TASK - Go through the listing below and write out exactly the lines from the one that mentions "Enhance your jewellery" through the one that mentions "河池一民房高层起火 被困3人爬到防盗网外被熏黑", minus the pictures.

----- SUPPLIED RECORDS

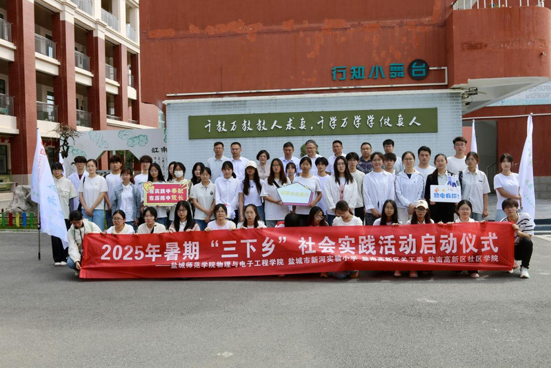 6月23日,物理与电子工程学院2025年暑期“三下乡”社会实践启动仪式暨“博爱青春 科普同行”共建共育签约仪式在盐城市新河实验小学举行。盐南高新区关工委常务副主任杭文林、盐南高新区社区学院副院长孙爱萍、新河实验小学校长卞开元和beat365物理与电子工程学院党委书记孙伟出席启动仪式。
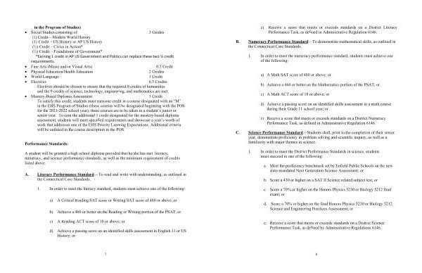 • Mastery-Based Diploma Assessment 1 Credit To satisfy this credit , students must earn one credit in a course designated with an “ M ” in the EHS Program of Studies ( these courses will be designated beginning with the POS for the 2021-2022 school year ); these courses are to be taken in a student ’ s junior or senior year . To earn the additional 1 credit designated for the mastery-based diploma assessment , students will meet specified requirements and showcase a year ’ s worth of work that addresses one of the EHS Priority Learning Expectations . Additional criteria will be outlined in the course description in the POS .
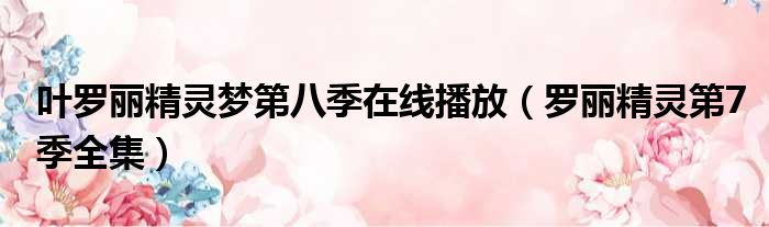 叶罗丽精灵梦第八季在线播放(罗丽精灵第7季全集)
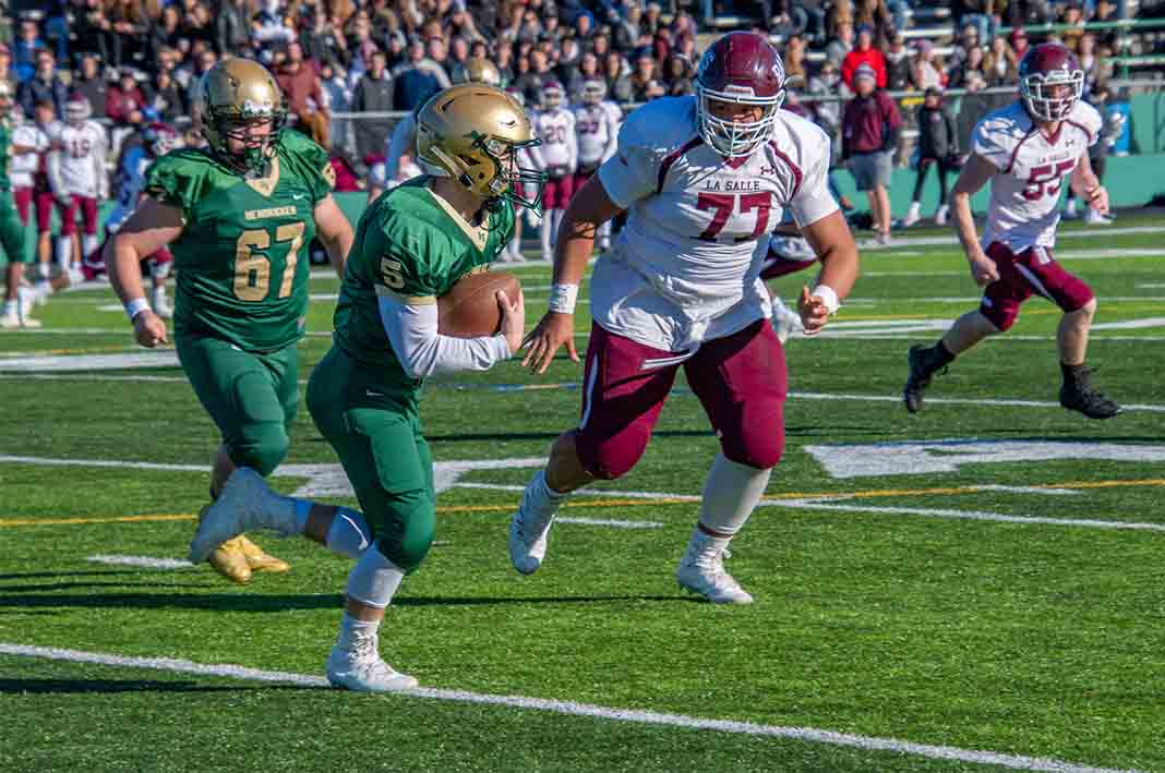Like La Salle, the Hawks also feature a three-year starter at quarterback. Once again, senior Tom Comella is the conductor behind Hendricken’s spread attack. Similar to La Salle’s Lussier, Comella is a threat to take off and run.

----------
----- SUPPLIED RECORDS

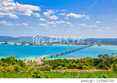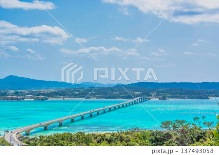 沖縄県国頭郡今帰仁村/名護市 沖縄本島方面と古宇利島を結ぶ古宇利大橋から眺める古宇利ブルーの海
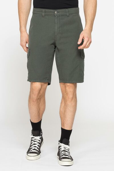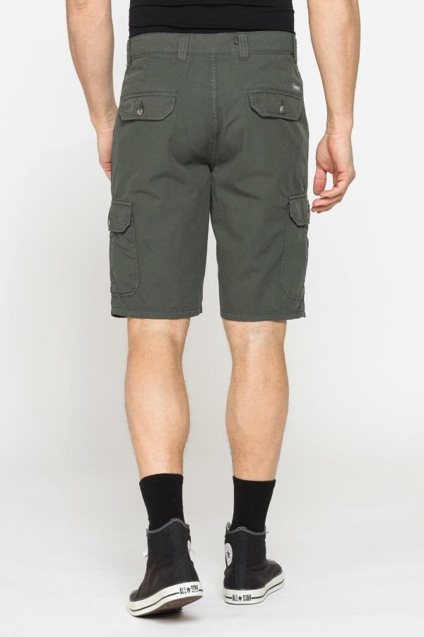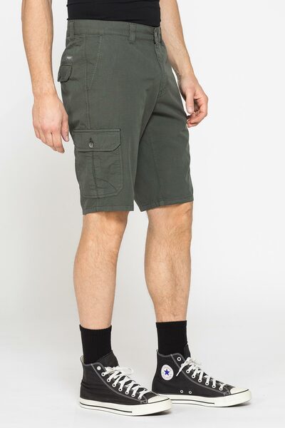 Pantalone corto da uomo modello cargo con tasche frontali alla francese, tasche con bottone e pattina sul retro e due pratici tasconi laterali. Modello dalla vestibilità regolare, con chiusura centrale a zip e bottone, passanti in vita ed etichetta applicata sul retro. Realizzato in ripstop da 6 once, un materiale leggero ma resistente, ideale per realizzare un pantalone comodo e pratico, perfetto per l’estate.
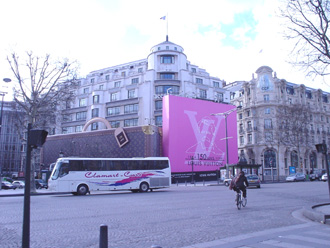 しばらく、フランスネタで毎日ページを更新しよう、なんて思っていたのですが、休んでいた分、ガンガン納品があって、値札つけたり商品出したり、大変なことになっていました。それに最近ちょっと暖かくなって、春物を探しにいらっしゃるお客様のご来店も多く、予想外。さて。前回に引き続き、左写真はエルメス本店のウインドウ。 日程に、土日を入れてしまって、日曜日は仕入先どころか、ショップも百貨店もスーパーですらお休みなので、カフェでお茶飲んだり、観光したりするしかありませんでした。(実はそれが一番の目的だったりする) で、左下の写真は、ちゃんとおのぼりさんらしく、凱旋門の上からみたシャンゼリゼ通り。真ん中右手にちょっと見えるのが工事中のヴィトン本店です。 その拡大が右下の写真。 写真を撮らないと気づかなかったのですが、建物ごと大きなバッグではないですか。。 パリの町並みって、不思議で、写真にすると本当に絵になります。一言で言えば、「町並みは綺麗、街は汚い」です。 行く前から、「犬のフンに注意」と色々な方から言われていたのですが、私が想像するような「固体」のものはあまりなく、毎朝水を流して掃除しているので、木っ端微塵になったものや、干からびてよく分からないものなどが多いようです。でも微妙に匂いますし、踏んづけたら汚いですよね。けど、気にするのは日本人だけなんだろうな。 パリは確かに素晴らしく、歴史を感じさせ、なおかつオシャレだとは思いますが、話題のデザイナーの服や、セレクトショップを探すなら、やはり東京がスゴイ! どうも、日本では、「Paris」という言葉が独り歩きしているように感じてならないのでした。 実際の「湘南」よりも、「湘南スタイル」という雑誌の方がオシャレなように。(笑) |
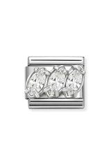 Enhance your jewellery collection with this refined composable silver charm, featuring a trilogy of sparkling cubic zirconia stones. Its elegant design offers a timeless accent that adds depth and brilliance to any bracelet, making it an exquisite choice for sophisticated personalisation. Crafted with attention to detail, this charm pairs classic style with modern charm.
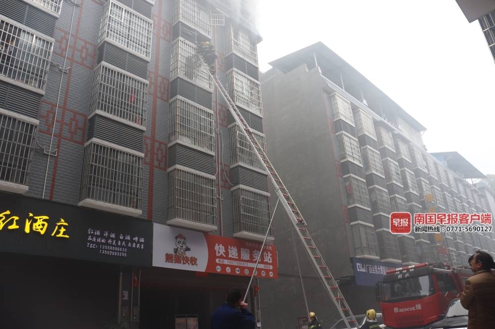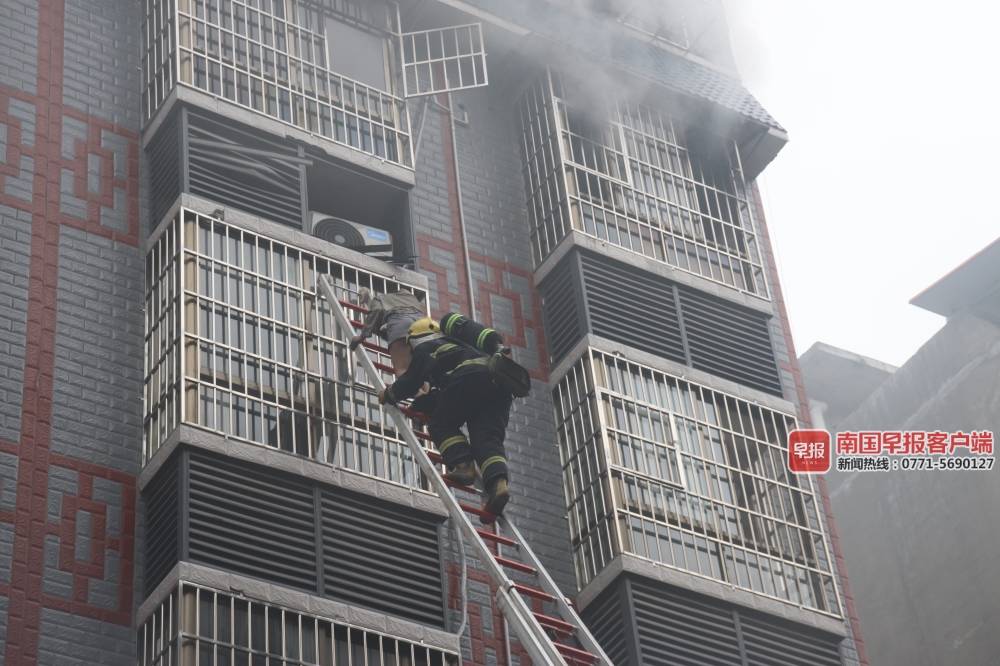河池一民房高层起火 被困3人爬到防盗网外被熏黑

----------

EXPECTED OUTPUT -
 Enhance your jewellery collection with this refined composable silver charm, featuring a trilogy of sparkling cubic zirconia stones. Its elegant design offers a timeless accent that adds depth and brilliance to any bracelet, making it an exquisite choice for sophisticated personalisation. Crafted with attention to detail, this charm pairs classic style with modern charm.
河池一民房高层起火 被困3人爬到防盗网外被熏黑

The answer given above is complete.